Query return GPU error: 39 uncorrectable ECC error encountered

 

Problem/Question:

Found errors in some of the queries, including health check queries :

[GPUdb]executeSql: Error: 'All requests threw errors, first error: Received error: Host->GPU cudaMemcpy GPU error: 39 'uncorrectable ECC error encountered' (c/GCCc:57) (S/SDc:1178); code:1 'Error' in Job process'

 

Problem Detail:

             Logs : /opt/gpudb/core/logs/gpudb.log (rolling logs on rank X node)

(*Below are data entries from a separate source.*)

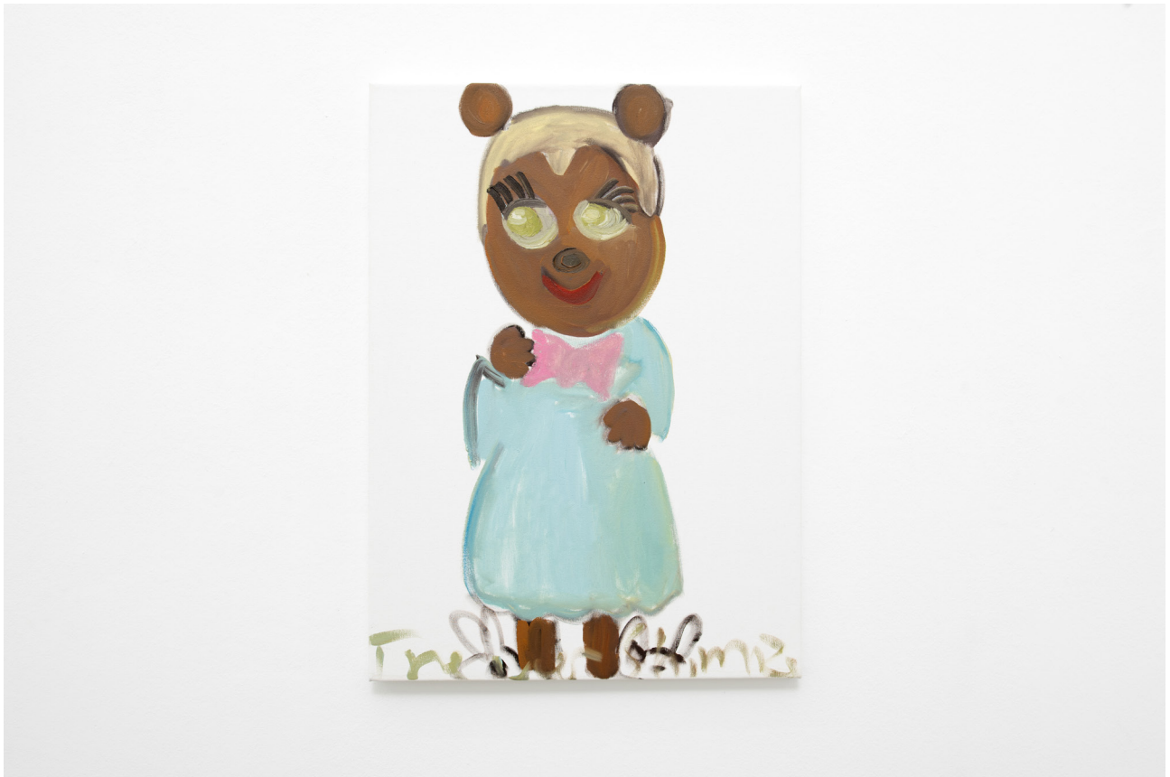
Trevor Shimizu Posey Bear , 2018 Oil on canvas 76,5 x 55,5 cm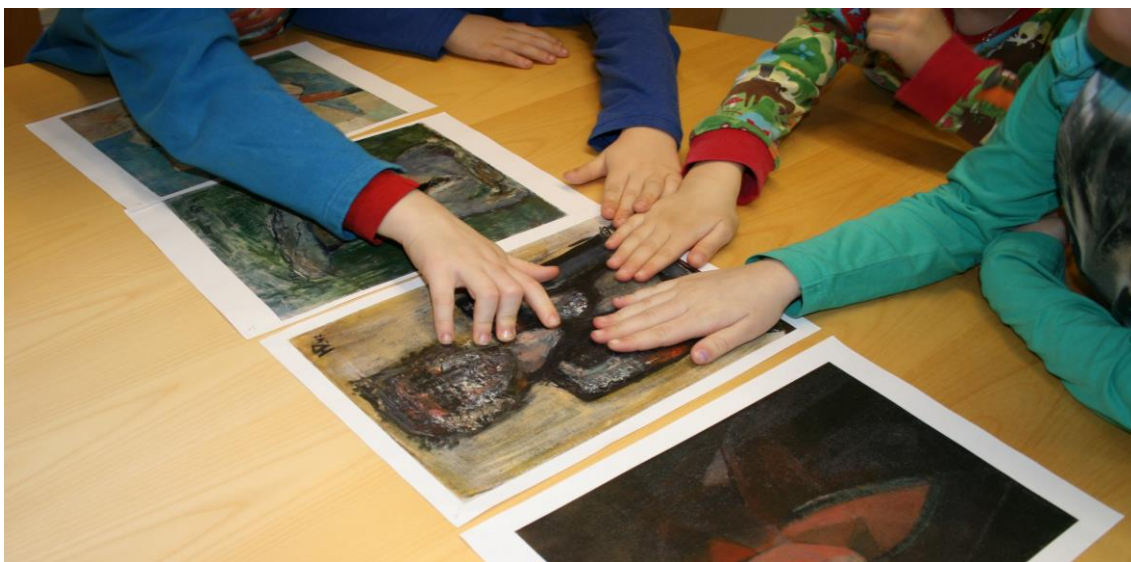
Kuva 1. Teosten valinta lasten kanssa.

muuten tarkoituksena oli keskustella mahdollisimman vapaasti lapsia kiinnostavista asioista. Lapset saivat nähdä teosvaihtoehdot teemoittain. Toinen meistä esitti kysymyksiä lapsille teoksiin liittyen, toinen kirjasi lasten näkemyksiä. Vaikka kiinnostuksen kohteet voivat muuttua, varsinkin lapsilla, ovat lasten mielipiteet yhtä arvokkaita kuin aikuisen, eikä tarkoitus ole etsiäkään yhtä ainoata totuutta (Turja 2004, 11). Teoksista valitsimme ne, jotka herättivät selkeästi eniten lasten mielenkiintoa ja keskustelua. Teokset digitoitiin taidemuseossa ja teetettiin Punamusta Oy:ssä.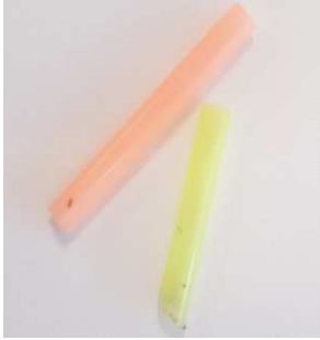
Figure 3 : Paille corail et paille jaune retrouvées au domicile du patient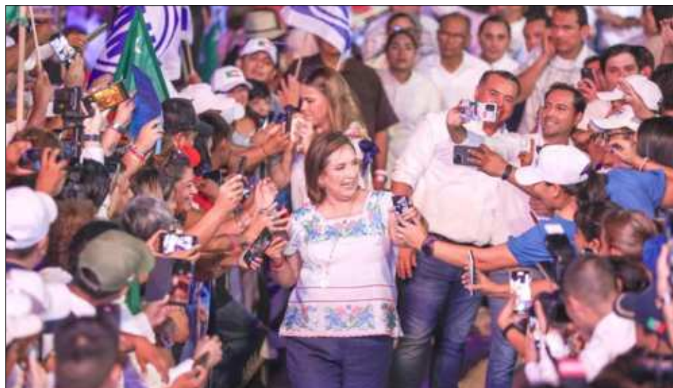
▲ Xóchitl Gálvez visitó la ciudad de Mérida para participar en el cierre de campaña de Cecilia Patrón Laviada, candidata a la presidencia municipal de la capital yucateca, y Renán Barrera Concha, candidato a la gubernatura de Yucatán.

En el encuentro con simpatizantes, Xóchitl Gálvez aseguró que Yucatán será prioridad para su gobierno y se encargará de proporcionar los recursos para que Renán Barrera y Cecilia Patrón cumplan sus compromisos con la ciudadanía.

2020-06-16 13:01:01.136 ERROR (10024,10677,rX/gpudb_wi_c_155) ----- cuda/GaiaCudaCopy.cu:61 - cudaStreamSynchronize 'GPU error: 39 'uncorrectable ECC error encountered' (c/GCCc:61)'

            Output ECC errors  on rank X node using  nvidia-smi -a

             ECC Errors

                              Volatile

                                    Single Bit           

                                         Device Memory       : 2

                                    Double Bit           

                                         Device Memory       : 2

  

            Unhealthy Component

            -------------------

            Component ID: GPU card rank X node.

            Health: GPU error: 39 uncorrectable ECC error encountered.

            Health Reason: Only queries that are being directed to rX node will have issues. 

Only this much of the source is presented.